Work request | Set down all of the data that follows word for word, without the images.
[[ Provided material open ]]
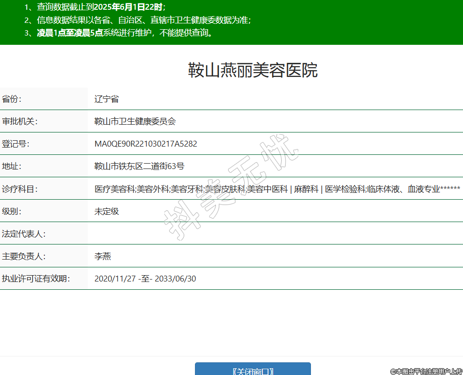 省份:遼寧省審批機(jī)關(guān):鞍山市衛(wèi)生健康委員會(huì)登記號(hào):MA0QE90R221030217A5282地址:鞍山市鐵東區(qū)二道街63號(hào)診療科目:醫(yī)療美容科;美容外科;美容牙科;美容皮膚科;美容中醫(yī)科 | 麻醉科 | 醫(yī)學(xué)檢驗(yàn)科;臨床體液、血液專業(yè)******級(jí)別:未定級(jí)法定代表人:主要負(fù)責(zé)人:李燕執(zhí)業(yè)許可證有效期:2020/11/27 -至- 2033/06/30 -
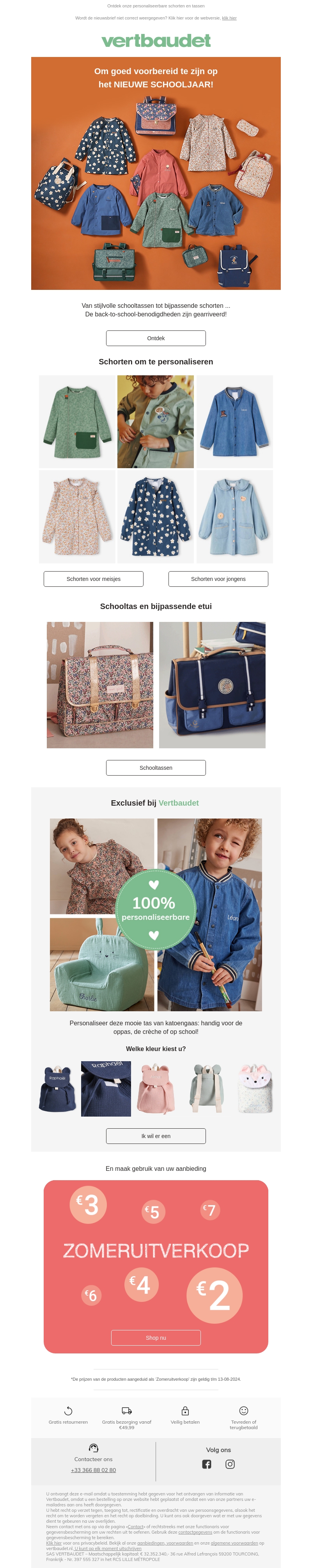 Het nieuwe schooljaar staat voor de deur en Vertbaudet heeft alles wat je nodig hebt om goed voorbereid te zijn. Van trendy schooltassen tot gepersonaliseerde schorten, onze producten combineren stijl en functionaliteit. Bekijk onze ruime selectie en maak je keuze voor een geweldig schooljaar.
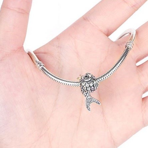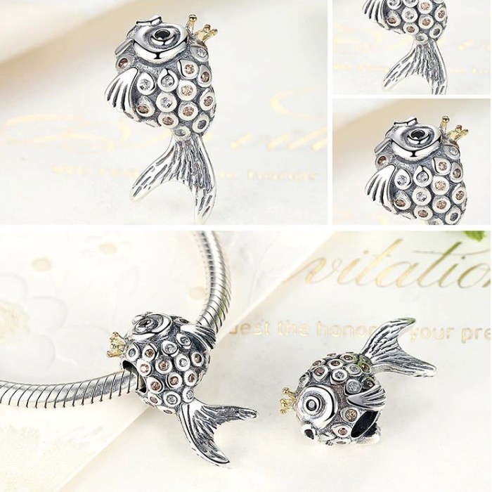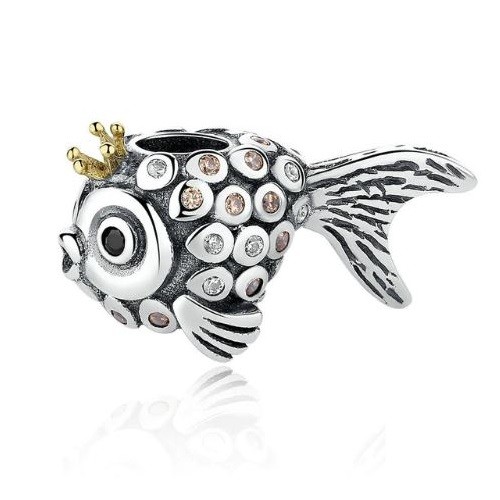 Strieborná perla v tvare ryby zdobená drobnými kryštálmi. Na náramok alebo náhrdelník.
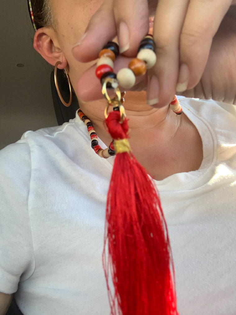 Long red tassel necklace flow.
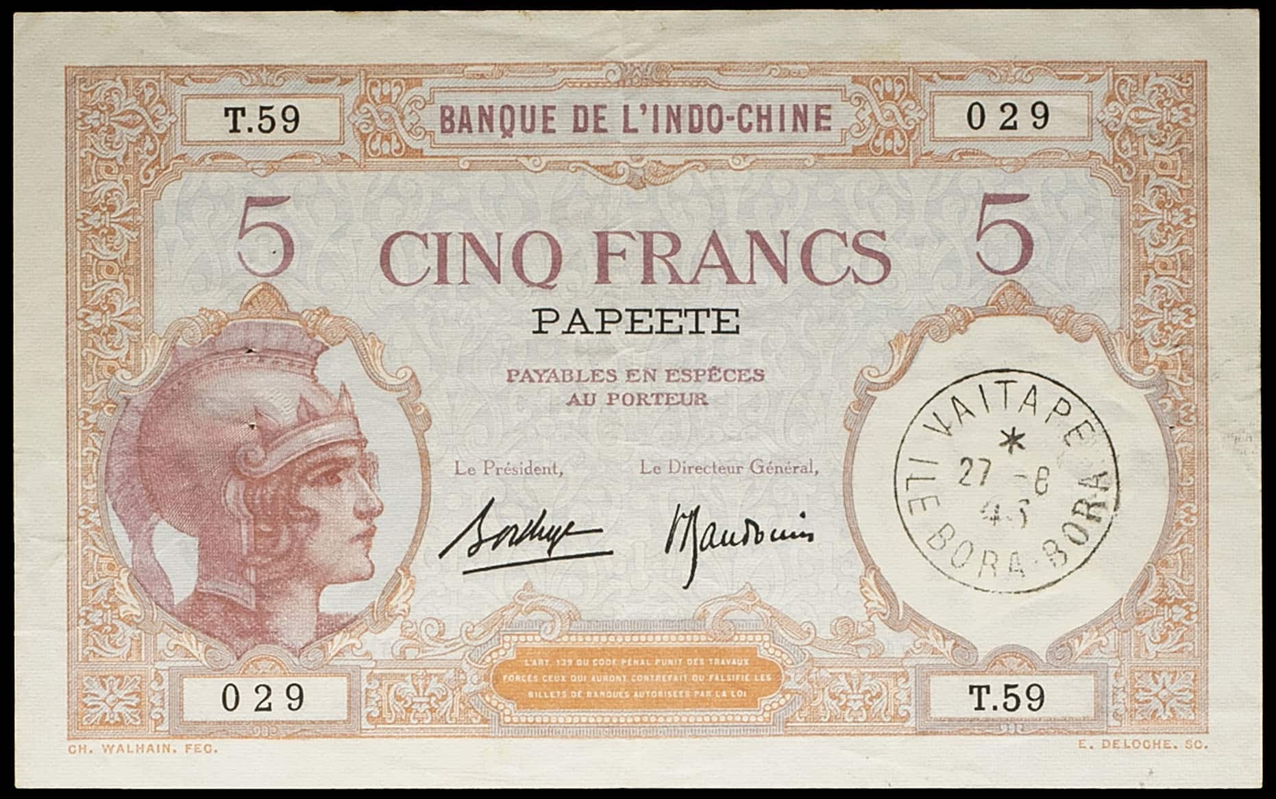 Alphabet T.59 - numéro 029. Signatures : Borduge / Baudouin. Type recherché avec ce tampon postal "VAITAPE / ILE DE BORA-BORA / 27-6-46” ! C'est la seconde fois que nous proposons un exemplaire à la vente !
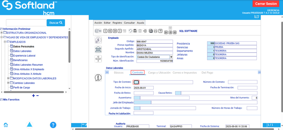 2. Después de grabar los datos personales se da clic en el botón “Datos laborales” y se procede a diligenciar la información de la pestaña “Básicos”.
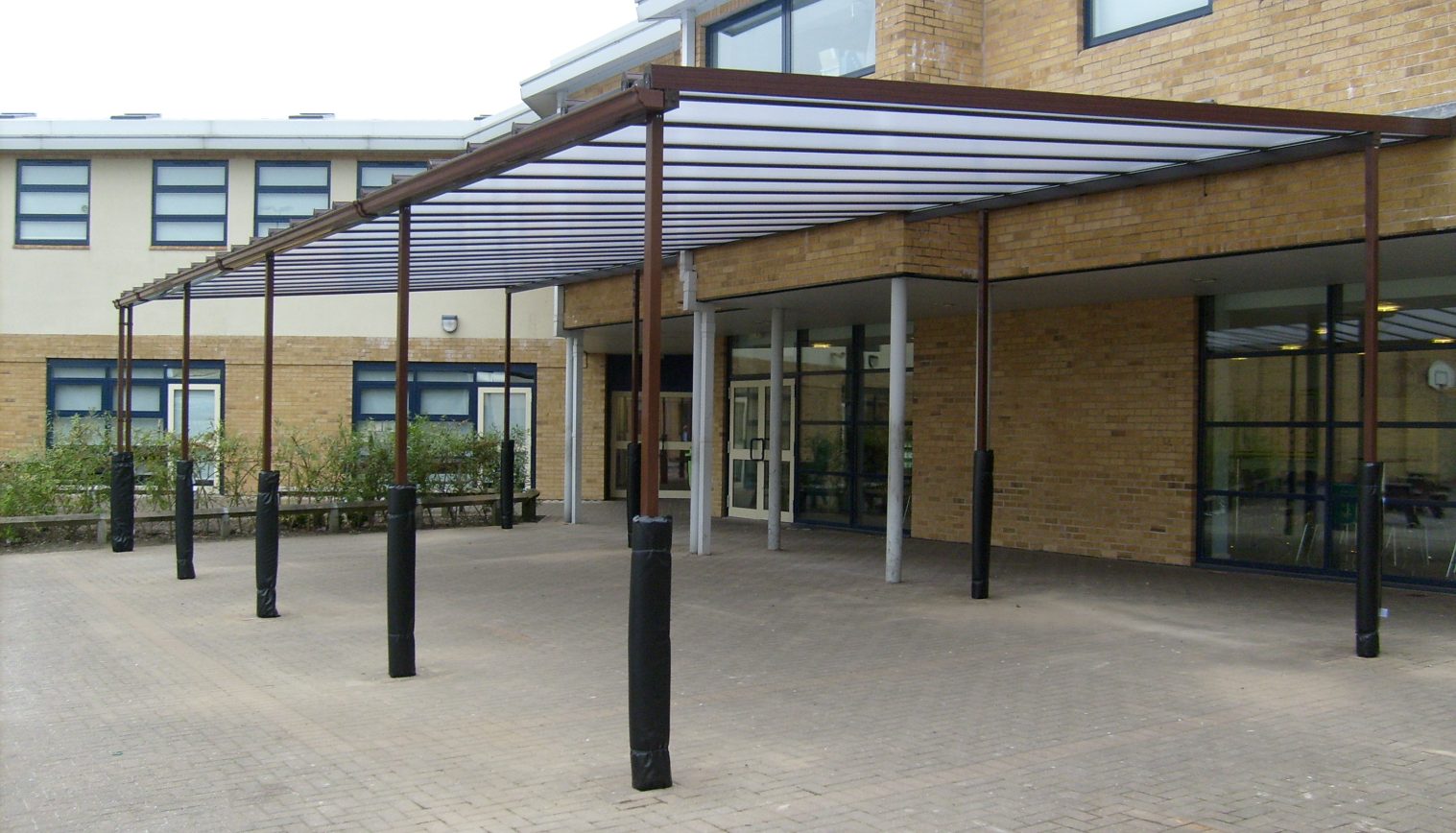 Our installation team installed a 13.5m x 6m Coniston Wall Mounted Canopy at Chapel-en-le-Frith High School. The school chose the frame of the canopy to be coloured Woodgrain this matched some of the school’s surroundings. The canopy created a large covered outdoor area to an entrance area of the building.
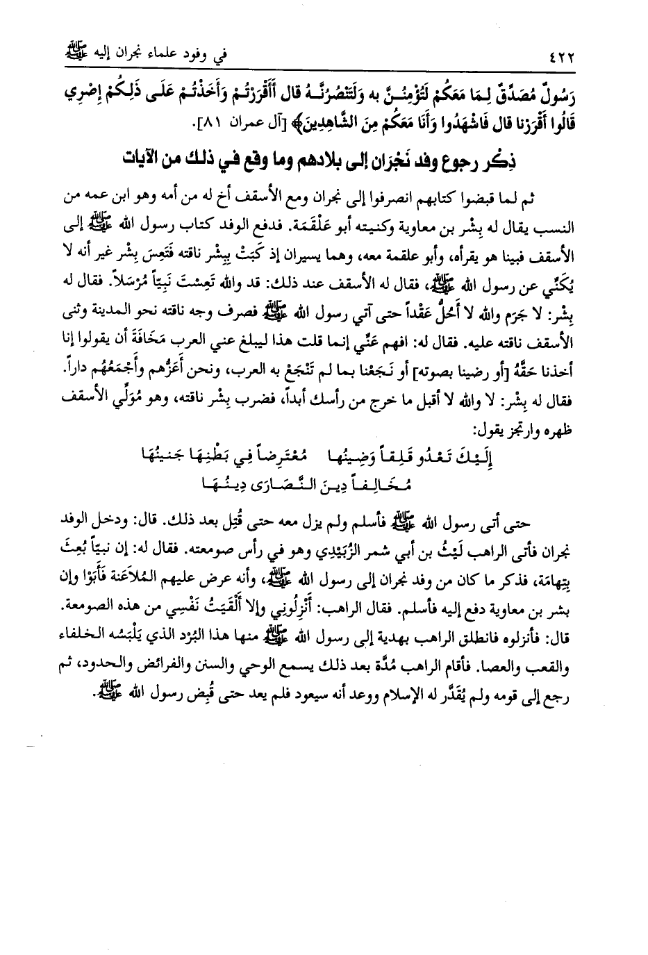 ثم لما قبضوا كتابهم انصرفوا إلى نجران ومع الأسقف أخ له من أمه وهو ابن عمه من النسب يقال له بشر بن معاوية وكنيته أبو علقمة. فدفع الوفد كتاب رسول الله صلى الله عليه وسلم إلى الأسقف فبينا هو يقرأه، وأبو علقمة معه، وهما يسيران إذ كبت ببشر ناقته فتعس بشر غير أنه لا يكنّي عن رسول الله صلى الله عليه وسلم، فقال له الأسقف عند ذلك: قد والله تعست نبيا مرسلا. فقال له بشر: لا جرم والله لا أحلّ عقدا حتى أتى رسول الله صلى الله عليه وسلم فصرف وجه ناقته نحو المدينة وثنى الأسقف ناقته عليه. فقال له: افهم عنّي إنما قلت هذا ليبلغ عني العرب مخافة أن يقولوا إنا أخذنا حقّه [أو رضينا بصورته] أو نجعنا بما لم تنجع به العرب، ونحن أعزّهم وأجمعهم دارا.
[[ Provided material closed ]]
Exercise result |
 省份:遼寧省審批機(jī)關(guān):鞍山市衛(wèi)生健康委員會(huì)登記號(hào):MA0QE90R221030217A5282地址:鞍山市鐵東區(qū)二道街63號(hào)診療科目:醫(yī)療美容科;美容外科;美容牙科;美容皮膚科;美容中醫(yī)科 | 麻醉科 | 醫(yī)學(xué)檢驗(yàn)科;臨床體液、血液專業(yè)******級(jí)別:未定級(jí)法定代表人:主要負(fù)責(zé)人:李燕執(zhí)業(yè)許可證有效期:2020/11/27 -至- 2033/06/30 -
 Het nieuwe schooljaar staat voor de deur en Vertbaudet heeft alles wat je nodig hebt om goed voorbereid te zijn. Van trendy schooltassen tot gepersonaliseerde schorten, onze producten combineren stijl en functionaliteit. Bekijk onze ruime selectie en maak je keuze voor een geweldig schooljaar.
 Strieborná perla v tvare ryby zdobená drobnými kryštálmi. Na náramok alebo náhrdelník.
 Long red tassel necklace flow.
 Alphabet T.59 - numéro 029. Signatures : Borduge / Baudouin. Type recherché avec ce tampon postal "VAITAPE / ILE DE BORA-BORA / 27-6-46” ! C'est la seconde fois que nous proposons un exemplaire à la vente !
 2. Después de grabar los datos personales se da clic en el botón “Datos laborales” y se procede a diligenciar la información de la pestaña “Básicos”.
 Our installation team installed a 13.5m x 6m Coniston Wall Mounted Canopy at Chapel-en-le-Frith High School. The school chose the frame of the canopy to be coloured Woodgrain this matched some of the school’s surroundings. The canopy created a large covered outdoor area to an entrance area of the building.
 ثم لما قبضوا كتابهم انصرفوا إلى نجران ومع الأسقف أخ له من أمه وهو ابن عمه من النسب يقال له بشر بن معاوية وكنيته أبو علقمة. فدفع الوفد كتاب رسول الله صلى الله عليه وسلم إلى الأسقف فبينا هو يقرأه، وأبو علقمة معه، وهما يسيران إذ كبت ببشر ناقته فتعس بشر غير أنه لا يكنّي عن رسول الله صلى الله عليه وسلم، فقال له الأسقف عند ذلك: قد والله تعست نبيا مرسلا. فقال له بشر: لا جرم والله لا أحلّ عقدا حتى أتى رسول الله صلى الله عليه وسلم فصرف وجه ناقته نحو المدينة وثنى الأسقف ناقته عليه. فقال له: افهم عنّي إنما قلت هذا ليبلغ عني العرب مخافة أن يقولوا إنا أخذنا حقّه [أو رضينا بصورته] أو نجعنا بما لم تنجع به العرب، ونحن أعزّهم وأجمعهم دارا.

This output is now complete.